I don’t know it this may be of help to understand the problem, but I tried to run nvidia-smi in another terminal inside the container: when the error messages compare, the GPU RAM is at about 5000 mb of 8188 MB total.
I could run successfully the quickstarts for isaac_ros_dope and isaac_ros_centerpose. During the model conversion of these examples the load on the GPU RAM got up to over 7 GB.

Hi @marco.pastorio

The Isaac ROS foundationpose demo requires more memory to execute. We are working to make a new release lighter.

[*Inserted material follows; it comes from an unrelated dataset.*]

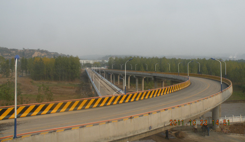 國電霍州發(fā)電廠跨汾河公路大橋東接國道108線(霍侯一級(jí)公路),西連電廠運(yùn)煤公路,東接口處南有霍州礦務(wù)局木材加工廠,北有個(gè)體汽車修理廠,居民較少。向西跨越汾河進(jìn)入電廠廠區(qū)后要上跨電廠主要出入道路。橋梁分左、右幅:左幅主要承擔(dān)電廠職工的生產(chǎn)、生活用車通行;右幅主要承擔(dān)電廠運(yùn)煤、運(yùn)渣等車輛通行。終點(diǎn)要與國道108線(霍侯一級(jí)公路)相連接,接點(diǎn)位置位于國道108線K826+160處。

The FoundationPose Tracking — isaac_ros_docs documentation demo uses less demo and can be run on your device.

Let me know if my response was helpful to you.

Best,
Raffaello

Hi,
I just tried FoundationPose Tracking but it still goes out of memory.
I’ll see if I can get my hands on a machine with more GPU RAM, and try again on future releases.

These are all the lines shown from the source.